The delta variant-dominant period extends from 20 August to 7 November 2021. In the previous study, the aim was to elucidate the HSAR of the delta variant in comparison with other variants and to evaluate the risk factors among household contacts, and data of the index patients with L452R positive were collected as patients with the delta variant [22]. However, the proportion of vaccinated contacts was small among contacts of the patients; we excluded vaccinated contacts in the previous study. In the present study, the data collection from index patients was extended to those without L452R results to compare HSAR in the delta variant with that of omicron. The L452R mutation was negative in several samples before 19 August 2021, in Itako. During the delta variant-dominant period, the L452R mutation was found in all 119 samples in Itako and 1621 of 1759 samples (92%) in the entire Ibaraki Prefecture [5,23]. Between 8 November 2021 and 3 January 2022, only one patient with COVID-19 was reported to the Itako Public Health Center.

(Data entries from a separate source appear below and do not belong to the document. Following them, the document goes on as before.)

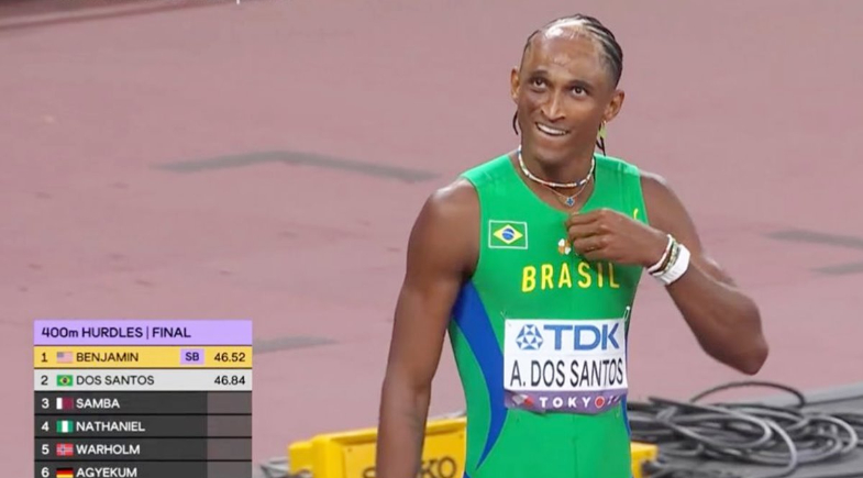 Alison dos Santos, o Piu, conquistou a medalha de prata nos 400m com barreiras, nesta sexta-feira, no Mundial de Tóquio, no Japão. Dono de dois bronzes olímpicos e campeão mundial da prova em 2022, o brasileiro, de 25 anos, completou a decisão em 46s84 e só ficou atrás do americano Rai Benjamin, que venceu com 46s52. O catari Abderrahman Samba completou o pódio, com 47s06.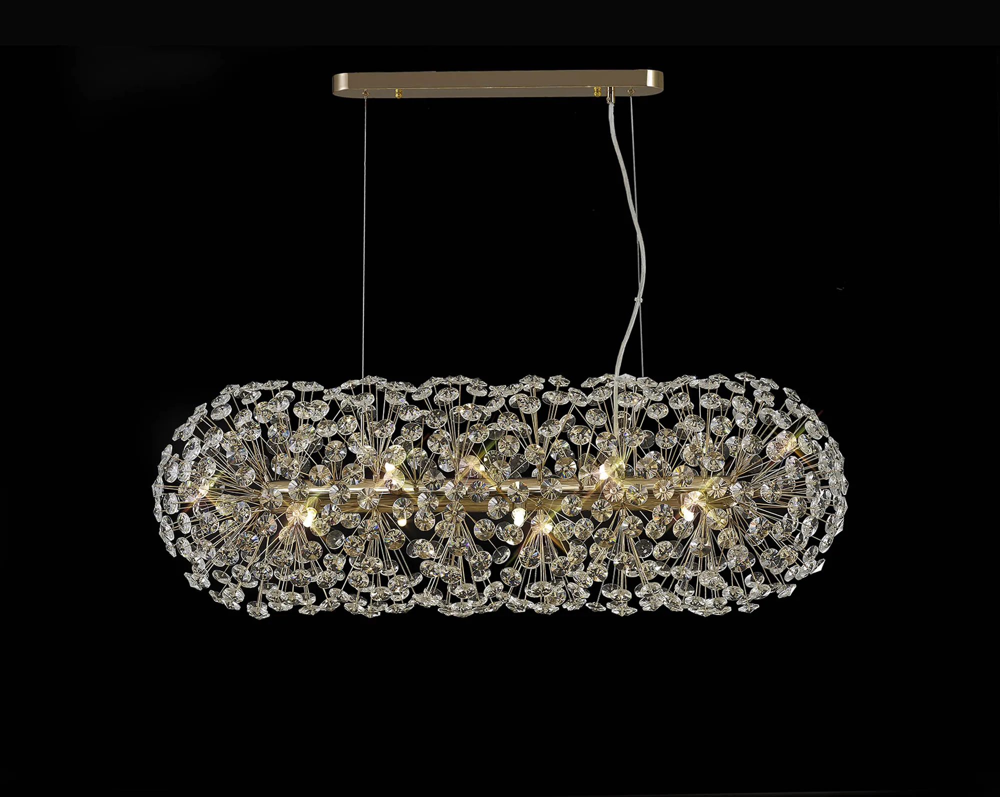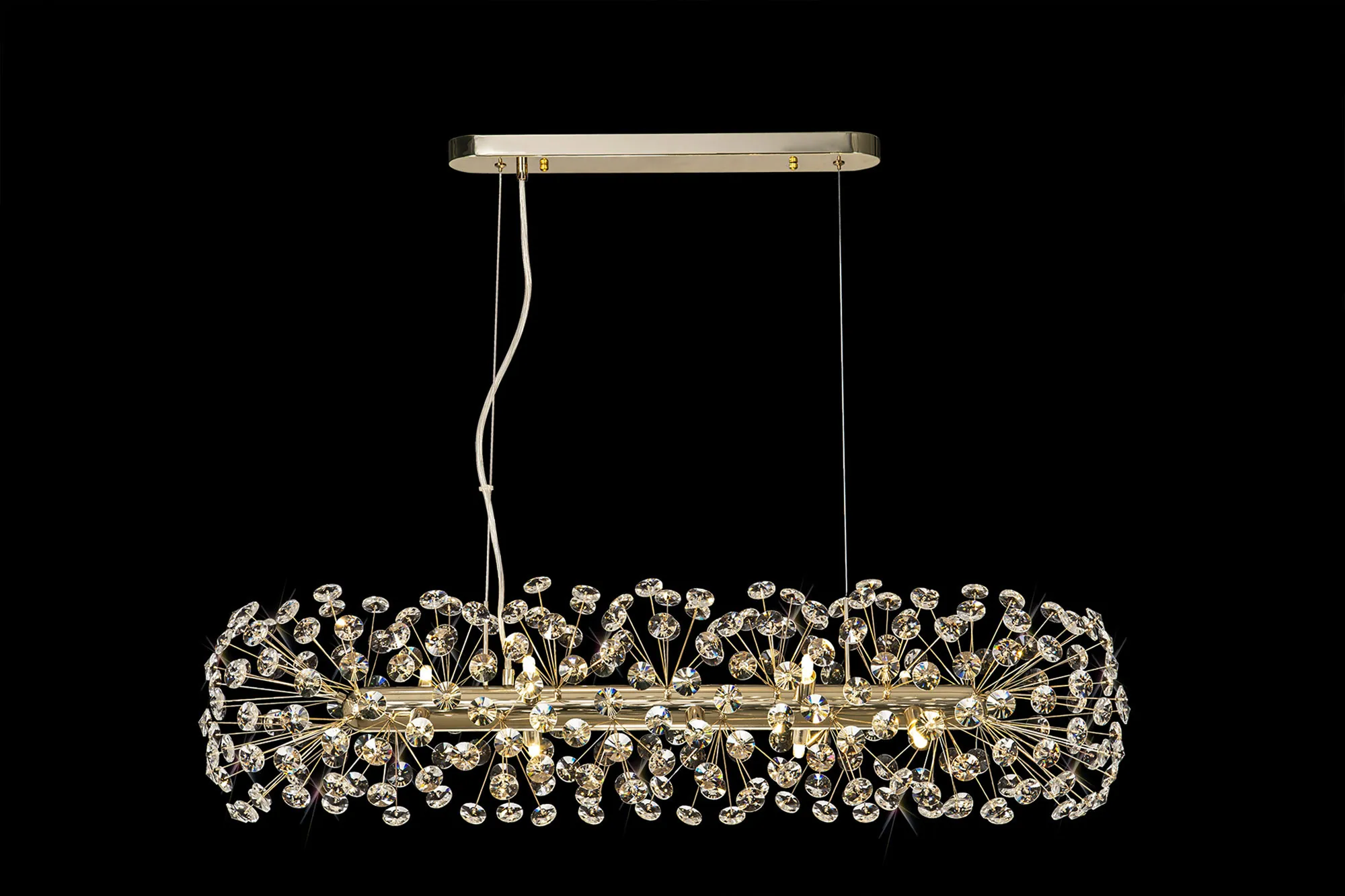 This collection is a beautifully comprehensive lighting range that combines elegance with modern design. Available in polished chrome, French gold, and satin black finishes, each piece features slim, angular stems arranged in an artful, erratic fashion to form a captivating cluster of clear crystal discs. These stems extend from a central framework—available in round, tiered, and oblong linear pendant forms—creating a striking structure around G9 lamp holders. As light passes through the facetted crystal, it refracts beautifully, casting a stunning array of sublime spectrums throughout the space. Already a hugely popular collection, Picton has now been expanded to include an even wider variety of lighting options. In addition to pendants, the range features wall lights, table and floor lamps, ceiling fixtures, and show-stopping spherical pendants with diameters of up to 1.5 metres. With its luxurious finishes, sparkling crystal details, and broad selection of configurations, the Picton range offers dramatic, statement lighting for any interior.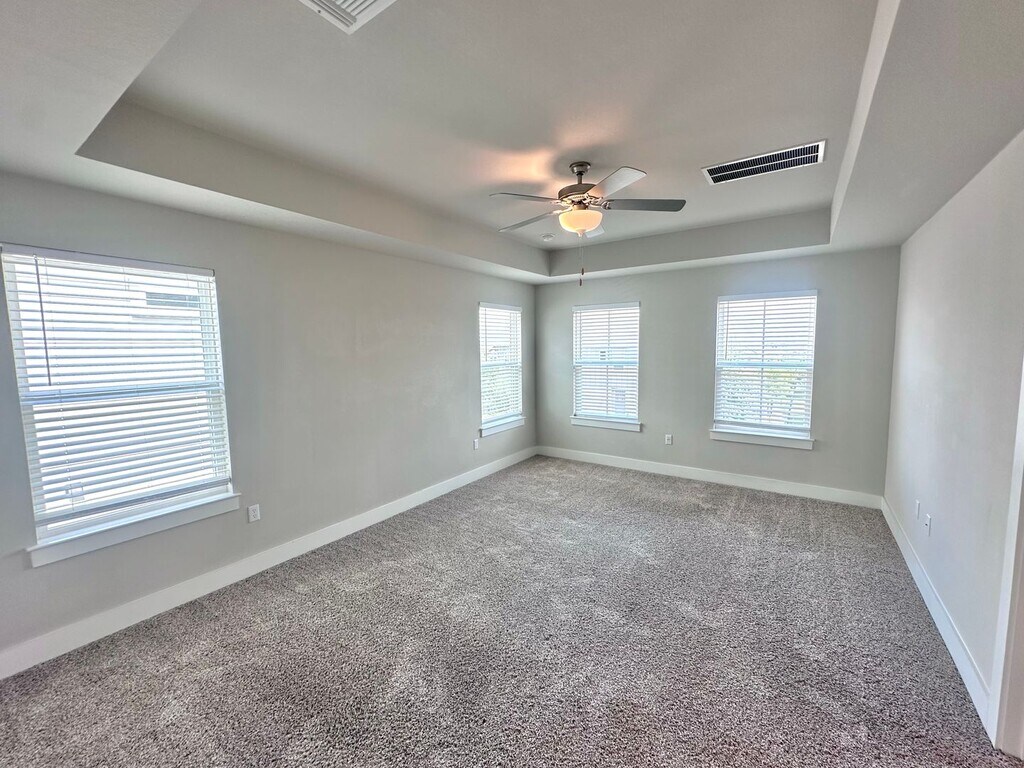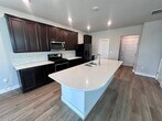 Luxurious and thoughtfully designed, this 1,737 sq. ft., 3-bedroom, 2.5-bath, two-story home in Easton Park offers the perfect blend of modern comfort and contemporary style. The open-concept main level is ideal for both everyday living and entertaining, featuring a seamless flow from the spacious living area to the dining room and into a well-appointed kitchen. Surrounding windows provide natural light throughout, enhancing the inviting atmosphere, while the smart design provides ample space for gatherings, family time, or simply relaxing at home. Beautiful chef’s kitchen, thoughtfully designed for both everyday living and entertaining. It boasts a spacious center island with bar seating, ideal for casual dining or gathering with friends and family. Outfitted with premium stainless steel appliances, ample counter space, and rich dark cabinetry, the kitchen offers both modern style and abundant functionality. A sleek tile backsplash enhances the design, while large pantry providing excellent storage and organization. Upstairs, each bedroom has been carefully designed with comfort and convenience in mind. The expansive primary suite showcases elegant recessed ceilings that add depth and architectural character, complemented by surrounding windows for exceptional natural light—creating a serene and inviting space to begin and end your day. The spa-like private en-suite bath offers a luxurious retreat, featuring a spacious walk-in shower, dual vanities with ample counter space, large walk-in closet, and refined finishes that combine comfort with elegance. Generously sized secondary bedrooms with ceiling fans and closet, versatile for guests, family, or a home office. Full bathroom upstairs with tub/shower combo. Every detail has been considered to maximize both function and livability. Fully fenced backyard, large covered back patio, two car garage, and washer/dryer included! Don’t miss the opportunity to make this exceptional residence your new home, offering a perfect blend of modern design, comfort, and elegance!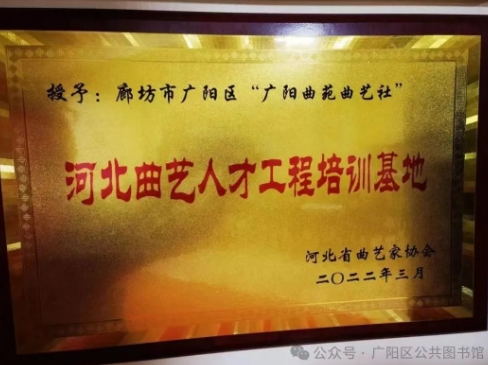 广阳曲苑曲艺社成立以来,以传承曲艺艺术为宗旨,培训曲艺爱好者,每周五晚上进行展演,师生同台,教学相长,成为一个曲艺传承阵地,被河北省曲艺家协会授予“河北省曲艺人才工程培训基地”。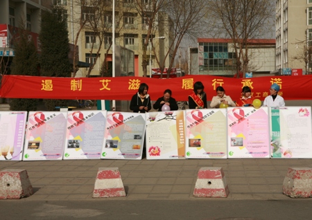 今年世界艾滋病日的主题是“遏制艾滋,履行承诺”,目的是让大家了解艾滋病是能够控制和预防的,防止艾滋病很重要的一条就是每个人都要对自己的行为负责。同时,通过艾滋病日的宣传活动,唤起人们对艾滋病病毒感染者的同情和理解,进一步推进学校预防艾滋病工作的广泛、深入开展。此次活动共发放《防治艾滋病宣传手册》200多本,发放带有防控艾滋病宣传标语、标志的扑克牌、钥匙链、气球、签字笔等600多个,发放避孕套100多个。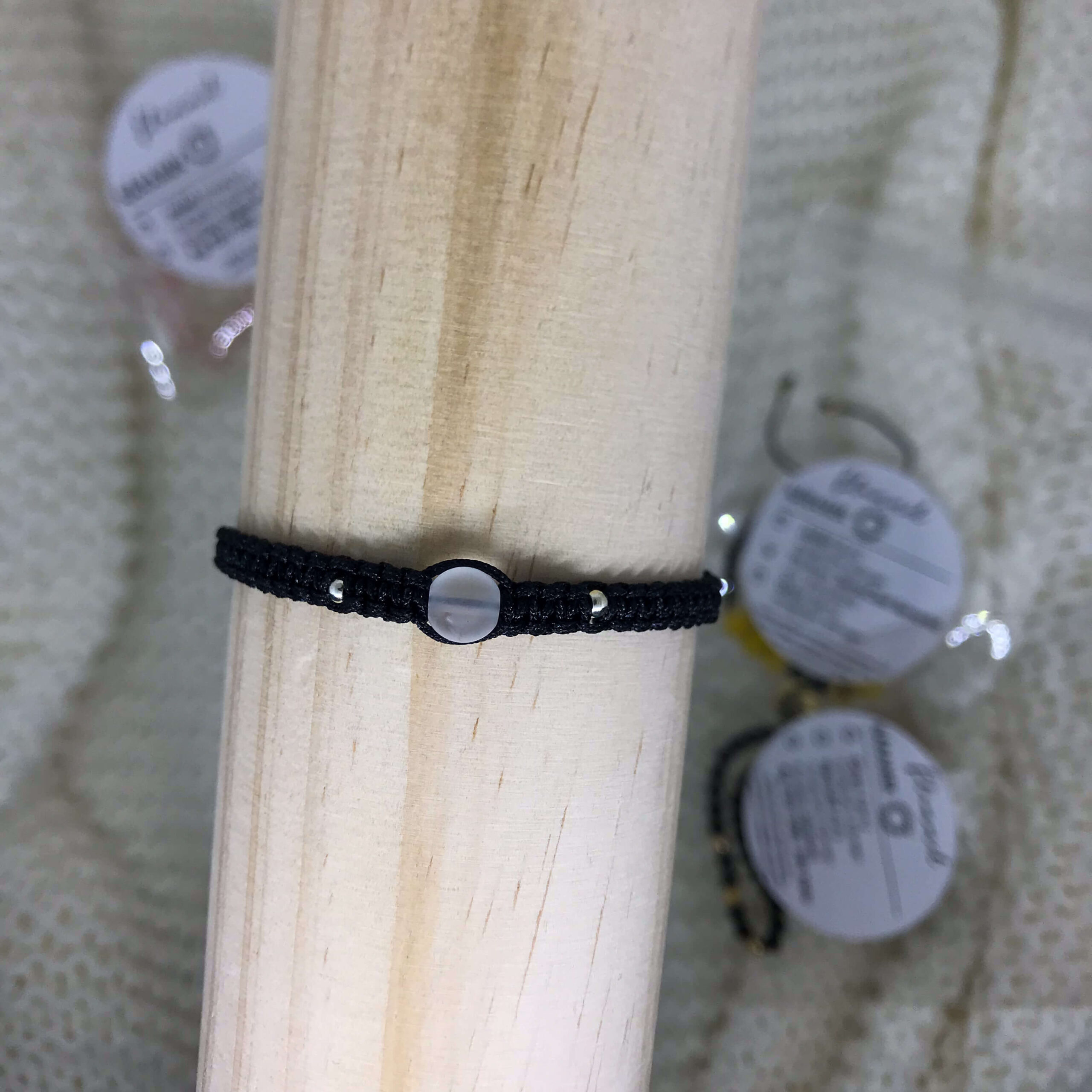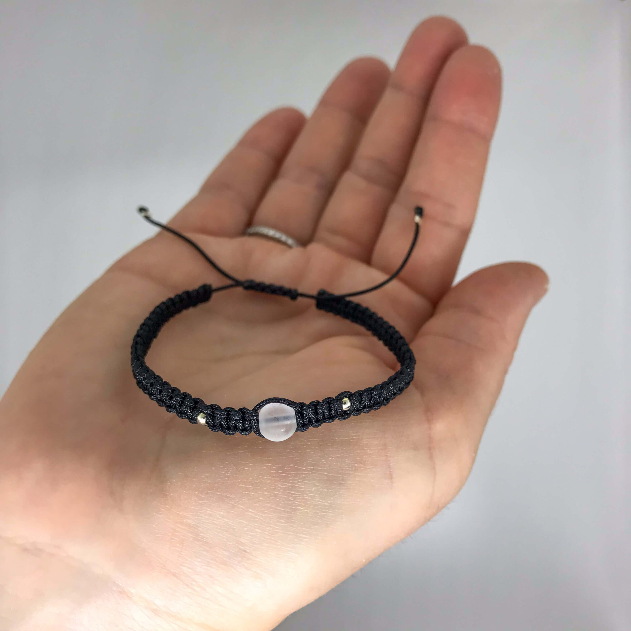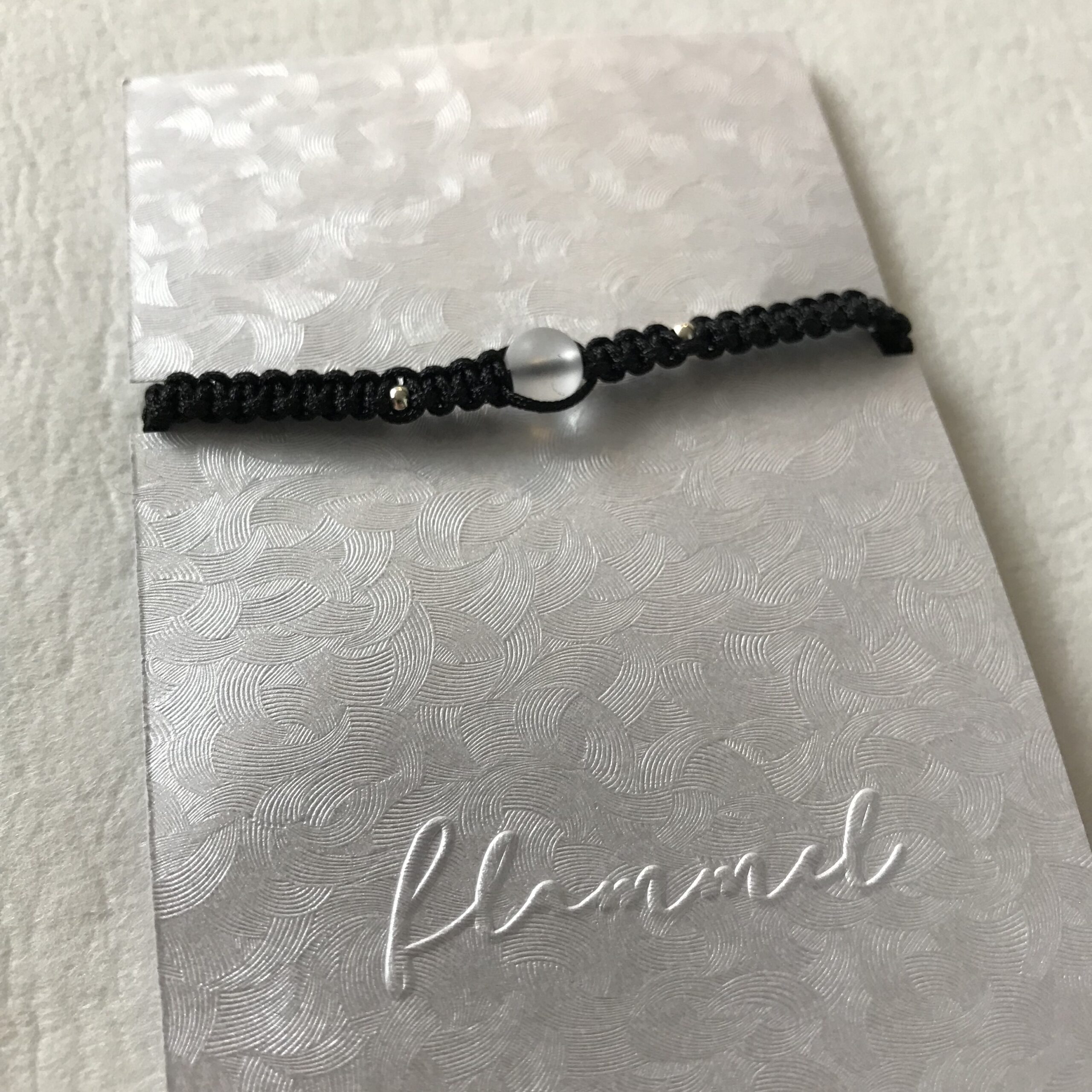 Černý macramé náramek flammel s křišťálem, minerálním kamenem čistoty a rovnováhy. Pohyblivý macramé uzel zaručuje univerzální velikost náramku.

2.4. Participant Household Contacts and Data Collection
The participants were household contacts of index patients with COVID-19 who lived with the patient and usually slept in the same house. The procedure for contact tracing and data collection from participant household contact patients was almost the same as described in the previous studies [20,21,22]. The Itako Public Health Center undertook SARS-CoV-2 testing of all household contacts of index cases, regardless of whether they had symptoms or not, usually on the same day or within two days of the testing of the index patients. Another test was performed as a confirmatory test if a contact had a negative test result but experienced new symptom onset during the quarantine period.
The proportions of patients including both the index patients and infected household members who were isolated at home rather than in hospital or at a hotel were 87.6% during delta variant-dominant period and 94.4% during omicron variant-dominant period. If an index patient was isolated at home, usually for 10 days, we directed that household contacts should live in rooms other than the room of the index patient in the house. When contacts could not avoid entering the room of the index patient, we directed that both should wear masks and open the windows. The quarantine period for household contacts was 14 days after symptom onset but was shortened to 10 days from 14 January 2022. The number of confirmed patients with COVID-19 living in Itako was 2813 (1.1% of the population) on 20 January 2022.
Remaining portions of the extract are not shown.